I am the parent of a student who has accepted admission to Purdue’s Exploratory program, Honor’s college, after applying to Mechanical Engineering at Purdue. My son objective is to study ME. The dilemma is, should my son attend Purdue and take his chance on being able to secure acceptance as a sophomore to ME, or should he attend UC Irvine (in-state) where he was accepted to ME? Any thoughts on how to compare the two programs, as well as insights or experience in transferring/changing major to engineering at Purdue, would be greatly appreciated.
It completely depends on a few factors:
-Your financial situation: Purdue would be about 15k more a year assuming no financial aid from either school.

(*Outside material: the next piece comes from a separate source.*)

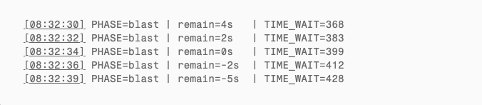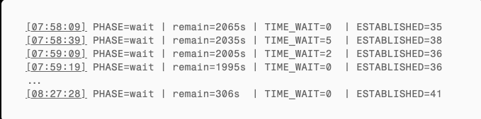 - Monitoring phase (overflow − 35 min to overflow − 5 min): Record TIME_WAIT count every 10 seconds. No active connection creation.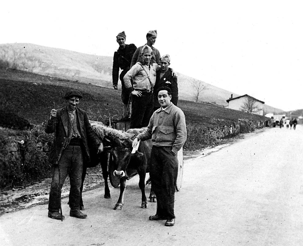 Badirudi, gizona gurdiarekin dagoen argazkian, herritar bat, bere ondasunak gurdian bildu eta alde egiten ari dela. Berriatuko herritar asko, Amorotora joan ziren babes bila.

-Your son’s motivation to succeed: He would need to work hard to prove to Purdue that he should be in their engineering program, whereas he is already guaranteed to study it at UC Irvine.
-Which school your son likes better and will be happier at. Purdue is far from CA. Is distance something he wants?

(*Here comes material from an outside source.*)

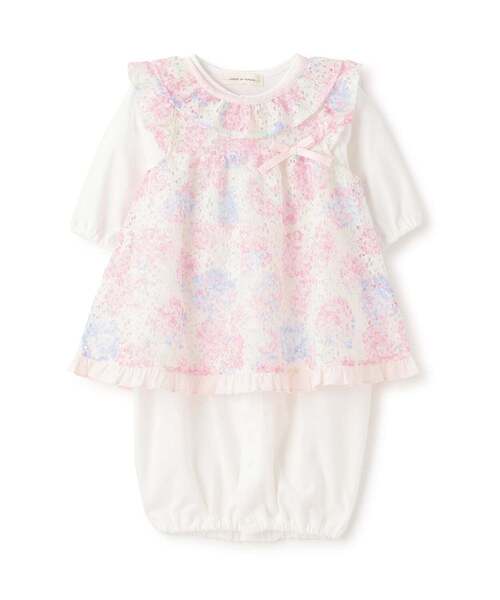 華やかなコーディネートが即完成するエプロンつきのカバーオールです。 アジサイ柄のレース生地にフリルを組み合わせ、特別感のある一着に仕上げました。 どちらもスナップボタン明きになっており、簡単にお着替え可能。 カバーオールは成長に合わせて着方を変えられる2WAY仕様です。 【透け感】透けない 【生地の厚さ】普通 【伸縮性】あり 【裏地】なし 【ポケット】なし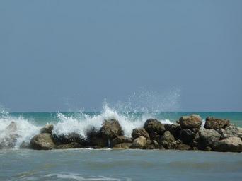 Keywords: wave sea ocean breakwater stones

As far as rankings go, Purdue is probably ranked a lot higher in engineering, but UC Irvine is a top public school. I think he would find success at either school. I would take the above points into consideration over ranking–especially the school he would be happier at. If he is happy, success is bound to follow.
As far as transferring at Purdue: I have visited multiple times, and I heard multiple times that engineering is the most difficult to transfer into. Purdue requires every engineering student to take First Year Engineering, so my guess is that your son would graduate in 5 years if he were to transfer into engineering because he would need to complete FYE before he can even think about taking ME classes. This is what I gathered, but if you want to be certain, you should email or call the engineering undergraduate admissions guy. My experiences with communicating with Purdue have been great. They definitely had the students’ best interest.
Thanks you so much for taking the time and providing such a thoughtful response and good advice.